The longer it goes on, the fewer who will remain fooled.
This column went up at FrontPageMag.com early this morning.
In his State of the Union speech on February 12, President Barack Obama failed to note that this nation’s 16th President, Abraham Lincoln, was born on the same date 204 years earlier. Perhaps that’s because it was Lincoln who said: “Better to remain silent and be thought a fool than to speak out and remove all doubt.”
Obama removed all doubt about his foolishness — at least in his public statements, though possibly not in regards to his and fellow progressives’ larger agenda — when he told the assembled senators and congressmen that, concerning the state of the economy, “[W]e have cleared away the rubble of crisis, and can say with renewed confidence that the state of our union is stronger.”

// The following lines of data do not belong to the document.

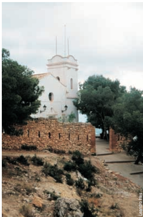
Ermita de San Cristóbal

entidad promotora: Ayuntamiento de Alcora
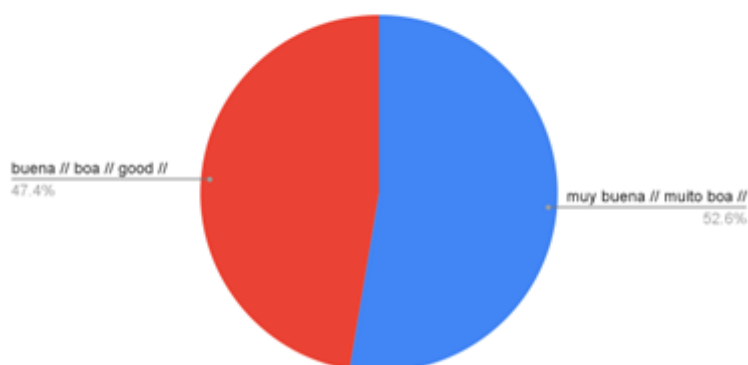
Recuento de ¿Cuál es tu opinión sobre la facilitación y las herramientas de comunicación utilizadas en la Escuela? // Sua

Las participantes consideran que la facilitación y las herramientas de comunicación utilizadas en la escuela fueron buenas.
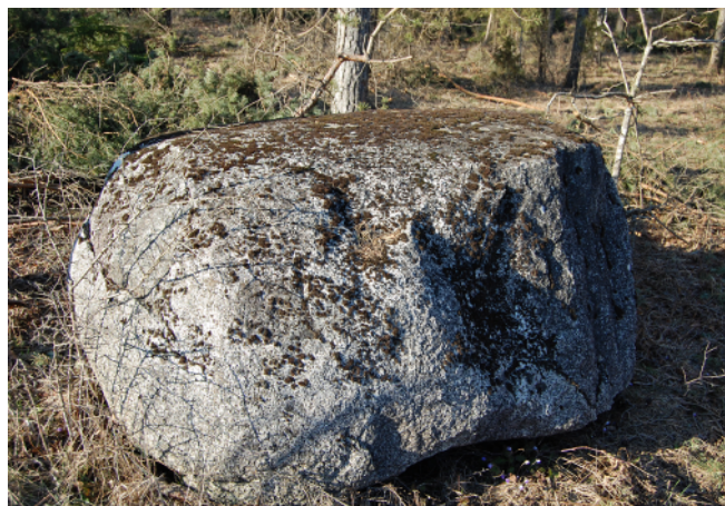
Två vilstenar finns kvar i Fröjel, denna vid vägskälet till Alstäde körkväg. Stanna en stund och begrunda livets gång förr och nu.

Men så ligger den efterlängtrade vilstenen äntligen där, alldeles invid grusvägen! Det är ett stort flyttblock som inlandsisen så lägligt behagat släppa på just denna plats, och alla liktåg från övre Fröjel tar alltid en välbehövlig vilopaus här, med den oftast mycket enkla kistan placerad högst upp på stenen. Under lågmält samtal lägger sig männen i skuggan vid sidan av vägen, och
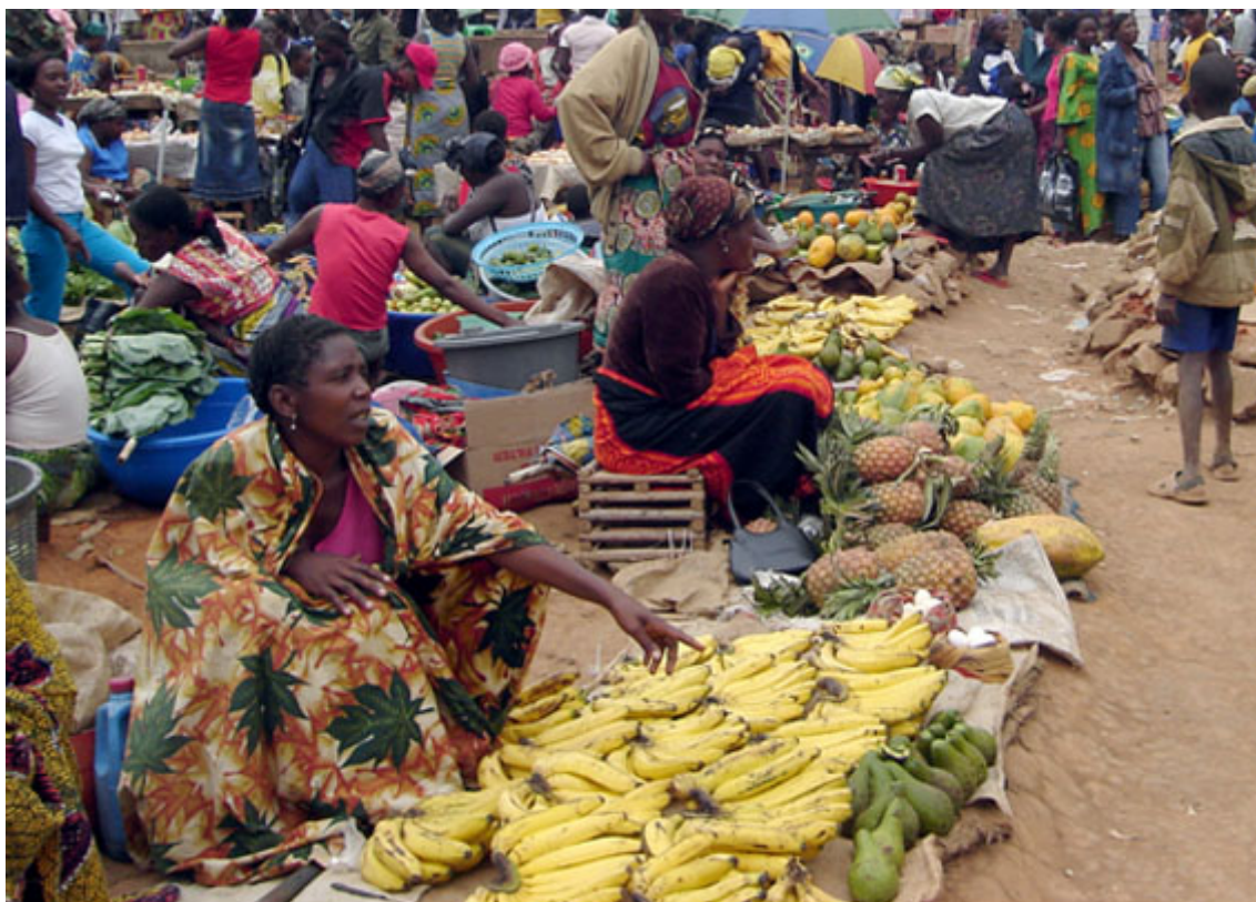
A vendedora de bananas

E este viver, subjectivamente ' mesmo assim ', foi-nos confirmado com as informações que obtivemos (2005) de pessoal de organizações humanitárias, de algumas instituições, órgãos do governo (Ministério da Agricultura) e dos nossos informadores-chave. Acrescentemos que desde o final da guerra (2002) a situação de grande risco das populações tende, visivelmente, a melhorar especialmente porque as vias de comunicação, pouco a pouco, vão permitindo a passagem de camiões de transporte de mercadorias. Infelizmente Maquela do Zombo continua a ter graves problemas no acesso rodoviário. As populações aproveitam então a estação seca para passar de uma cidade para outra apesar do receio das minas colocadas nas estradas e ainda não detectadas.
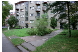
1. Ybl Miklós u. páratlan oldal

A tervezési terület alapvetően sok jó adottsággal rendelkezik, mind a növényállomány, mind a téralakítási lehetőségek tekintetében. Az épületállomány felújításra szorul, sok a vizuálisan zavaró tényező. A mai napig nem fogalmazódott meg egy konkrét fejlesztési irányvonal, amelynek mentén a városrész újra élhetővé és „élővé” válhatna.

No it’s not, and all of the insufferable media cheerleading describing jobs reports as “mostly encouraging” even when the official unemployment rate goes up, and about “A U.S. Economy That’s Strengthened Over (the) Past 4 Years,” won’t change that.
The evidence could take up a book. I’ll limit mine to three areas: employment, student loans, and housing.
A February 1 Investor’s Business Daily editorial which appeared shortly after the government released its January jobs report laid out the primary truth about the current job market:
It took an average of just 24 months to regain all the jobs lost in the previous nine recessions. But at the current Obama job-creation pace, it will take about 80 months to regain those lost jobs.
After four years America remains in a jobs depression as great as the Great Depression. But the crisis isn’t seen in that light because the country isn’t confronted daily by scenes of despair like the 1930s photographs of bread lines and soup kitchens …
… The jobless today are much less visible than they were in the 1930s because relief is organized differently.
Zuckerman’s subheadline succinctly detailed the point just made: “Twelve million out of work, 48 million on food stamps, 11 million on disability.”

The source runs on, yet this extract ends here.